Task item
Transcribe exactly, and without pictures, only the lines from the one bearing "Daniella - Fixed-Height" through the final line of the data below.

Stored records
--*--
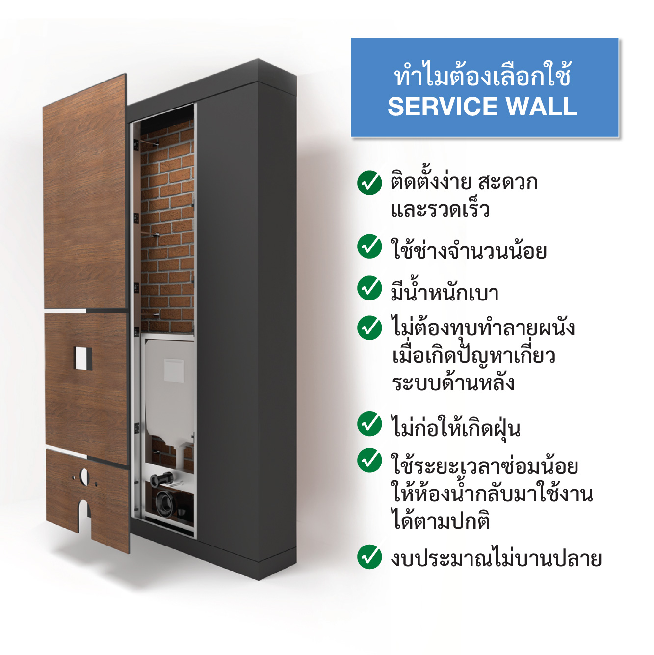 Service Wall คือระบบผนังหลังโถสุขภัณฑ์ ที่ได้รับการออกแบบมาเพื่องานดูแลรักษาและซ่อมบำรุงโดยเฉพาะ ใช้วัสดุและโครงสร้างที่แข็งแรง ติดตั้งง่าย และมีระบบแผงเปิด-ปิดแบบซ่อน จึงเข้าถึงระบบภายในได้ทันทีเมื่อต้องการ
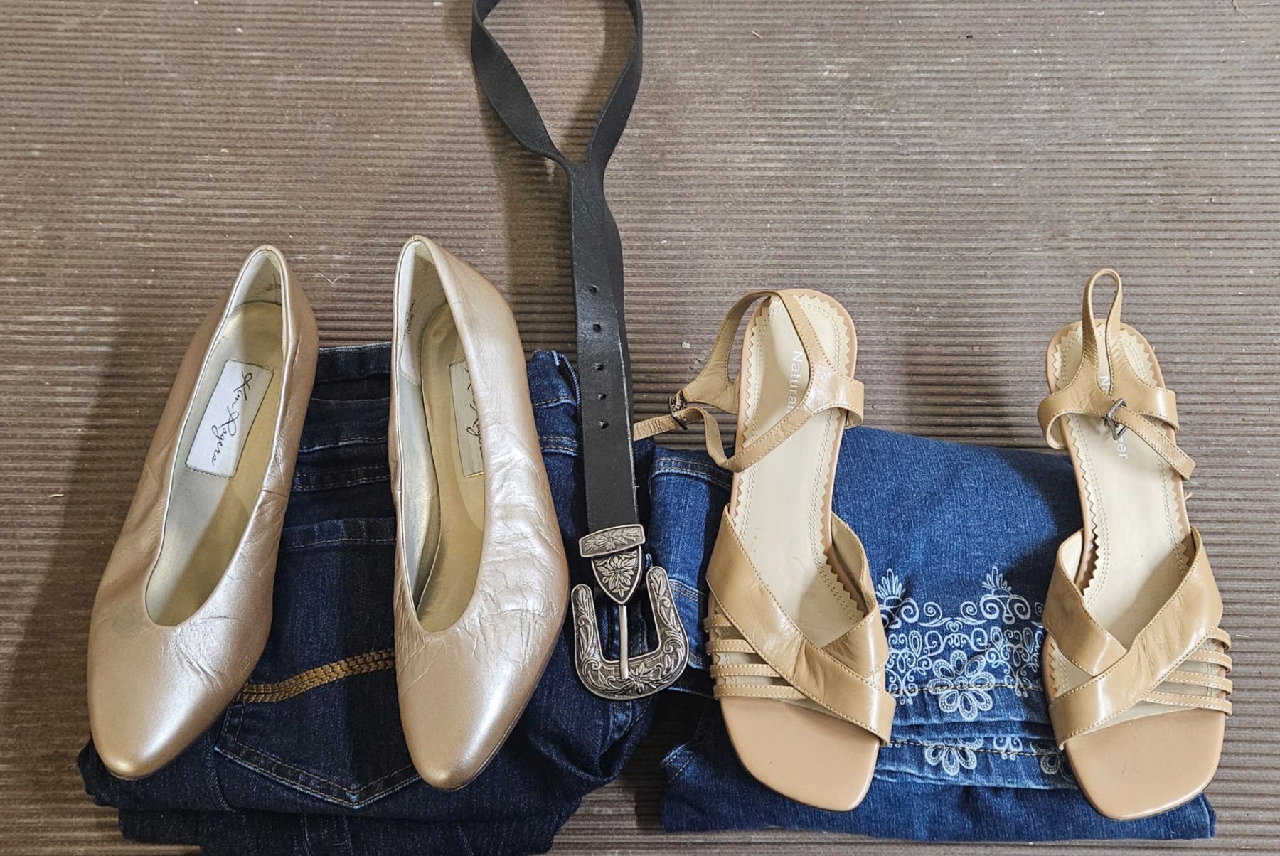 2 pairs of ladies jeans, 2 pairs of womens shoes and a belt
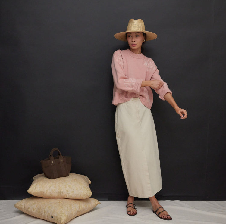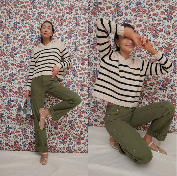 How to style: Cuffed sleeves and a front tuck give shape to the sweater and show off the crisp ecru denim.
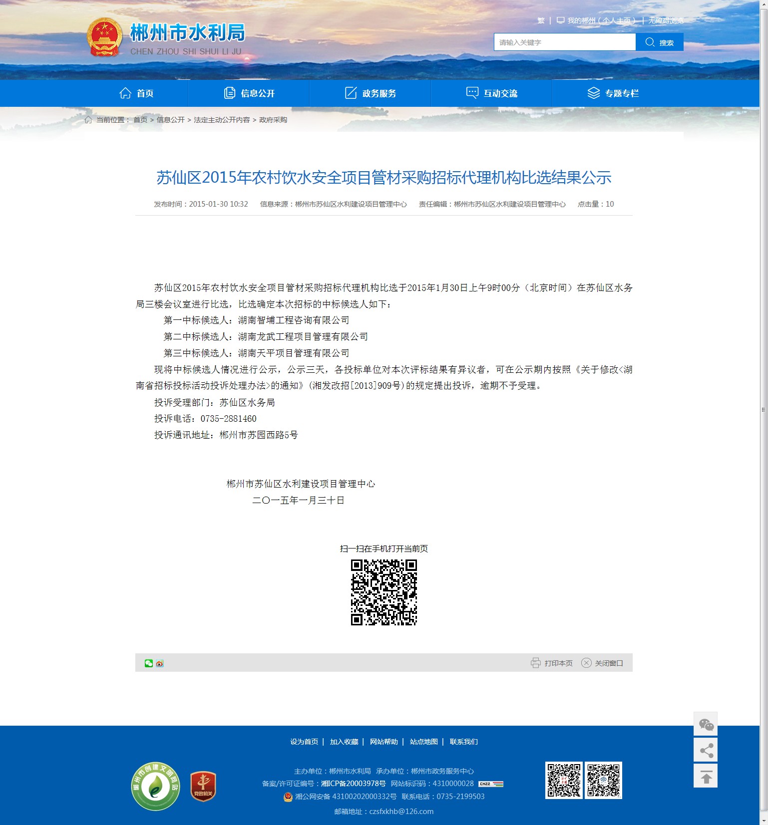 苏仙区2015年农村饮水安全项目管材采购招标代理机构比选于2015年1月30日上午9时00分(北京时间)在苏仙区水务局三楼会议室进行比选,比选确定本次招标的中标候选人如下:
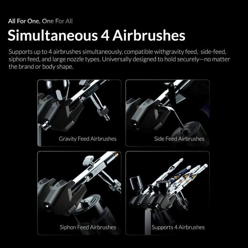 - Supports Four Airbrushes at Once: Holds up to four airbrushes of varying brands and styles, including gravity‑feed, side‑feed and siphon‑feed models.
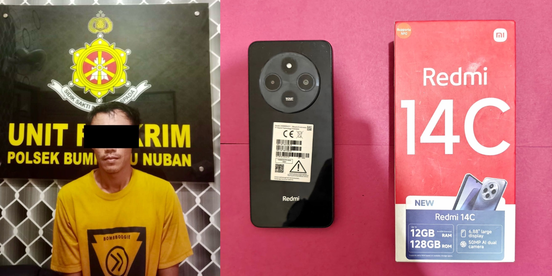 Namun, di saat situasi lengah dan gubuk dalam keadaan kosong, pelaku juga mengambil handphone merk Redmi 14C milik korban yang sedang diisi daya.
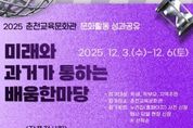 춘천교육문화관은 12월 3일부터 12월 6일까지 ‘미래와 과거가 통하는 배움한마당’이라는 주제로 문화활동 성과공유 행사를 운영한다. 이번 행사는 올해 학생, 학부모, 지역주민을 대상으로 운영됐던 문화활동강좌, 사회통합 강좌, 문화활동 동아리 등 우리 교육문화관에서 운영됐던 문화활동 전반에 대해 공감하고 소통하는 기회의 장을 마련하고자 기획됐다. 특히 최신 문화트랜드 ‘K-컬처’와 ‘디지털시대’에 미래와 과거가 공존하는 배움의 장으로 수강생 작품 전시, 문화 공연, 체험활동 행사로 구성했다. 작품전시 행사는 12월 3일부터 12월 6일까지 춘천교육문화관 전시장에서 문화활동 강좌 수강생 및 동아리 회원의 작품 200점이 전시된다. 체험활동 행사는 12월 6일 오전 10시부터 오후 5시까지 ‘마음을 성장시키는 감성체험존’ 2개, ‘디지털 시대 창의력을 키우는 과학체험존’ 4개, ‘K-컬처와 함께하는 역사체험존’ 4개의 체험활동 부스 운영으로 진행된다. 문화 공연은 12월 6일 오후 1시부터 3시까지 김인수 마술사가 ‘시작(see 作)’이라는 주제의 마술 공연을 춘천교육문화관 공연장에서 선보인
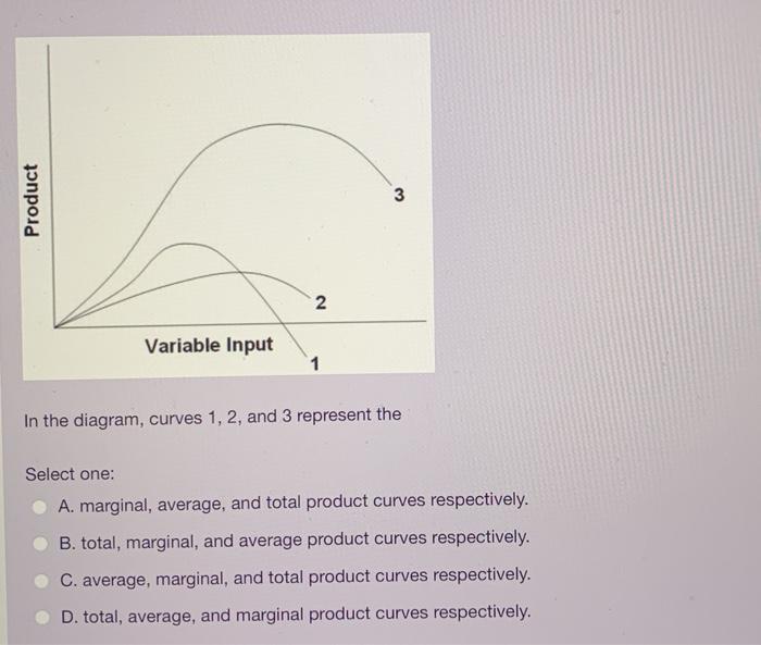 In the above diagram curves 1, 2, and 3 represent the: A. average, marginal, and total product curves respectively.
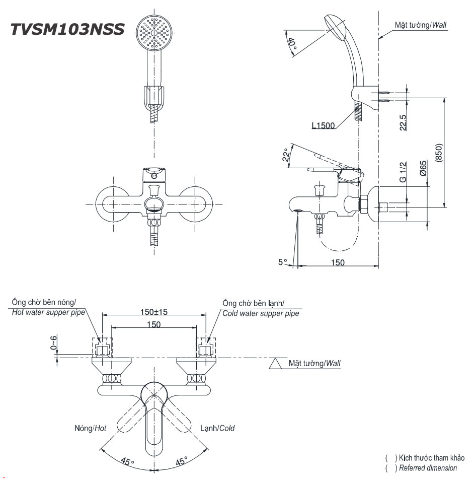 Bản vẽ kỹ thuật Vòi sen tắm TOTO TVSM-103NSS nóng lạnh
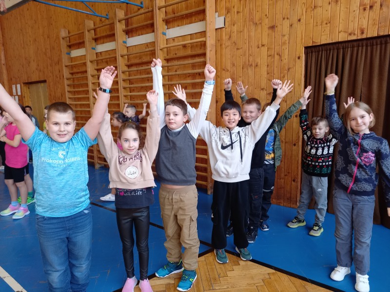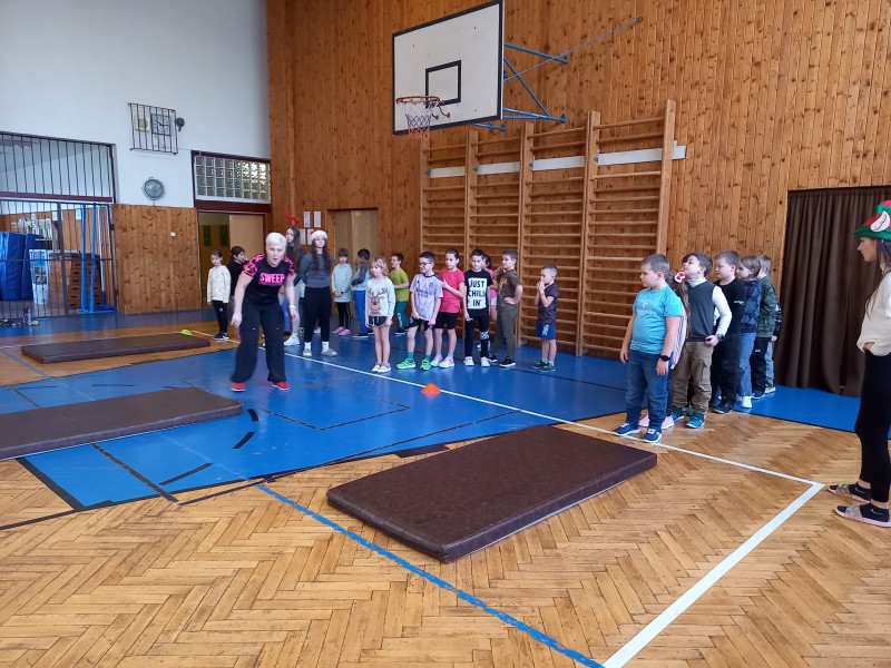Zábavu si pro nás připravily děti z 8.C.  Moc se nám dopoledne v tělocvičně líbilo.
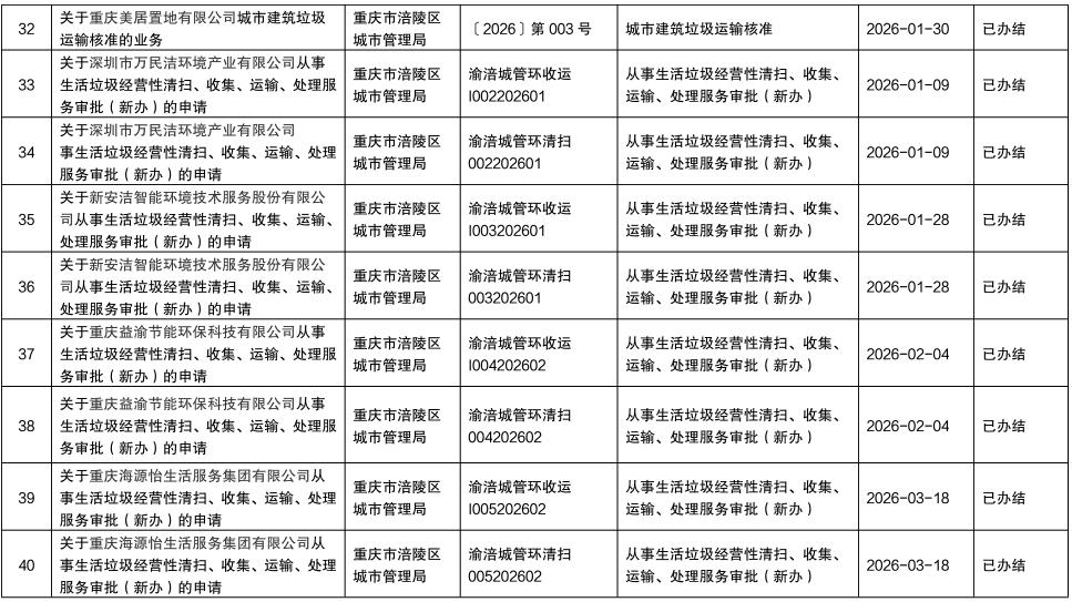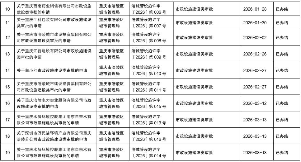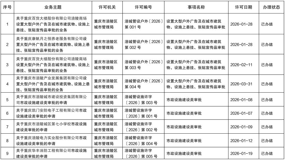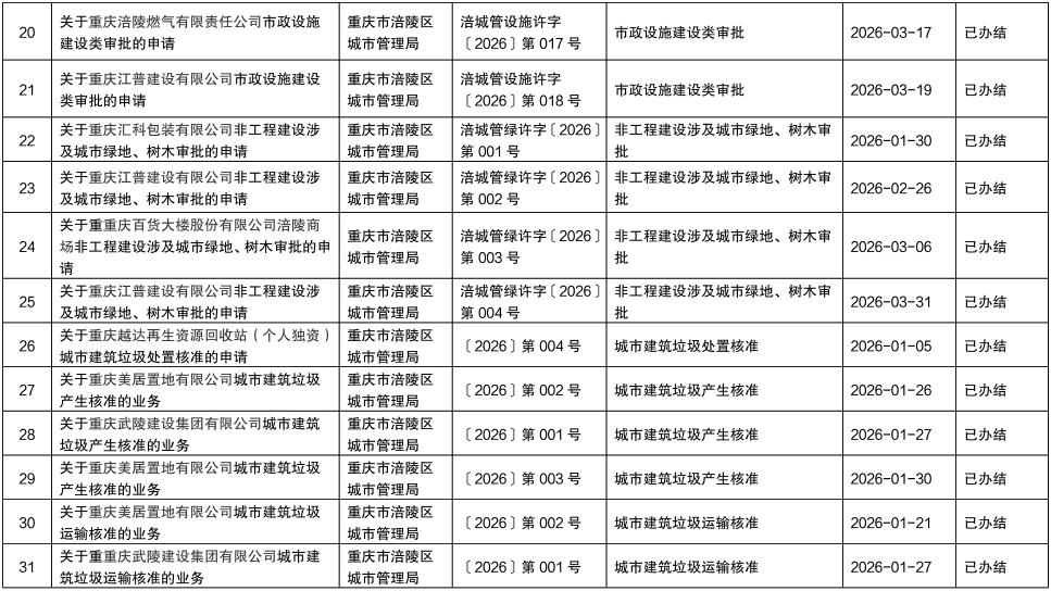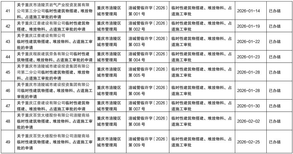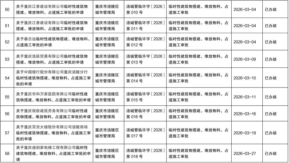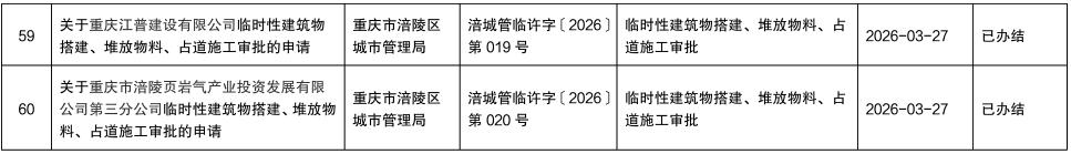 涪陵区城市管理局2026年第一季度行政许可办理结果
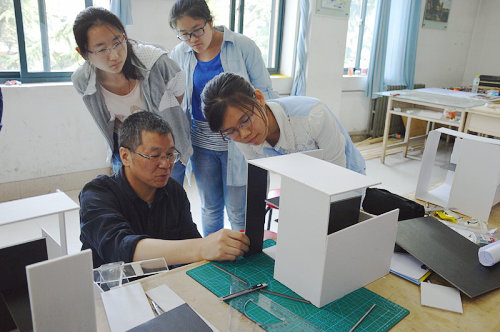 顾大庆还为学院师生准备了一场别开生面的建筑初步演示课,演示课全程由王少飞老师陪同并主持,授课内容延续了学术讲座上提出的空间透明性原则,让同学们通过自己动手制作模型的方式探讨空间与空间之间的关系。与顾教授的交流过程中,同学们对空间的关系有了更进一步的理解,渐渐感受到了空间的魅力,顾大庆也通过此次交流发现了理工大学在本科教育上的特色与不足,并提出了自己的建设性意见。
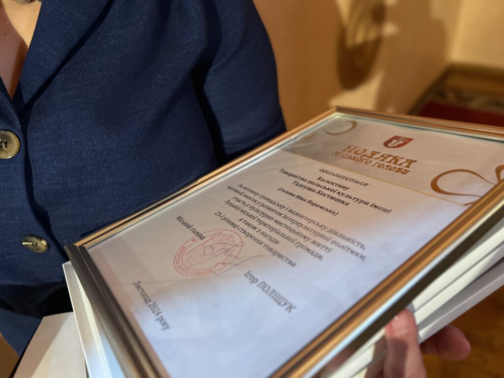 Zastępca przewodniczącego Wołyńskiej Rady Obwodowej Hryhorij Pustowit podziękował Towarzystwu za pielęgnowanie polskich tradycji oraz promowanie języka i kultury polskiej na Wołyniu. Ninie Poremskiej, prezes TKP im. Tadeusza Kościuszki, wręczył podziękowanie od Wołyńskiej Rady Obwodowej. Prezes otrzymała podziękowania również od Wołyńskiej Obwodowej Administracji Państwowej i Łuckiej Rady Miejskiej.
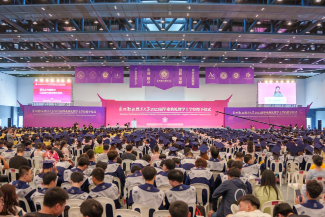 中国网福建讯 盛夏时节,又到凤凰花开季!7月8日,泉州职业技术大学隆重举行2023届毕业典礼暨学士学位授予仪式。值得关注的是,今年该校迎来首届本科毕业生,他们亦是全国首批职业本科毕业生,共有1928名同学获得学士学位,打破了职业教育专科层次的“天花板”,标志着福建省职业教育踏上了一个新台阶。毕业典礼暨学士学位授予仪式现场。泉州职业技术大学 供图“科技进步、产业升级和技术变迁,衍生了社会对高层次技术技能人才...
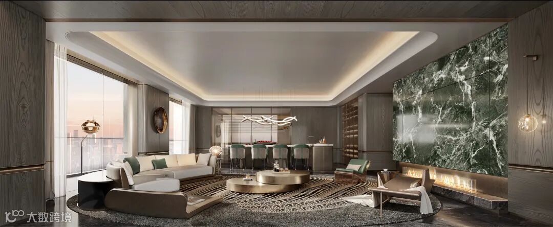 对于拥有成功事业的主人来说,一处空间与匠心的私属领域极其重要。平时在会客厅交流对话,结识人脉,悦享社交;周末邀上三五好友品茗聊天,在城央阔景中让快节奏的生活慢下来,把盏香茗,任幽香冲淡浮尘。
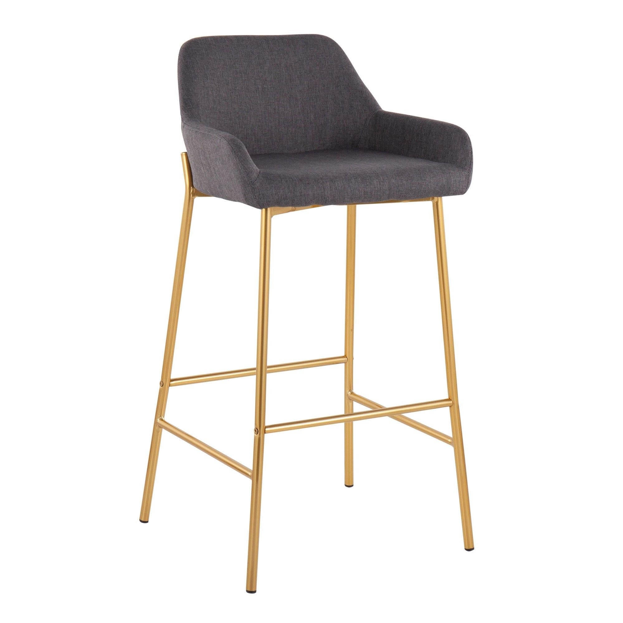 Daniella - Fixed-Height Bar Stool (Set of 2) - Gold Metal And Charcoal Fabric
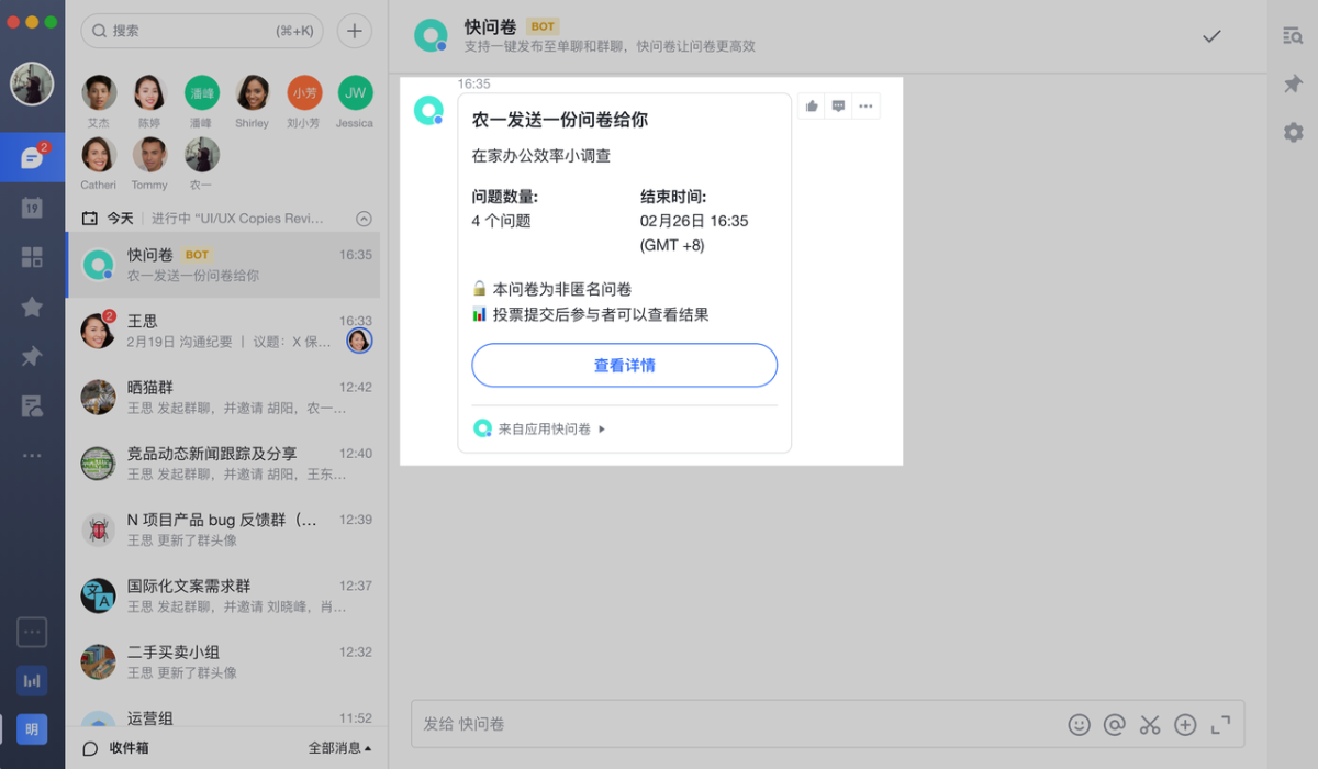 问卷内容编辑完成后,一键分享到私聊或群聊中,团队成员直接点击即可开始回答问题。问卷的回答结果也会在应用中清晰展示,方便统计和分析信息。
--*--
Exercise response
 Daniella - Fixed-Height Bar Stool (Set of 2) - Gold Metal And Charcoal Fabric
 问卷内容编辑完成后,一键分享到私聊或群聊中,团队成员直接点击即可开始回答问题。问卷的回答结果也会在应用中清晰展示,方便统计和分析信息。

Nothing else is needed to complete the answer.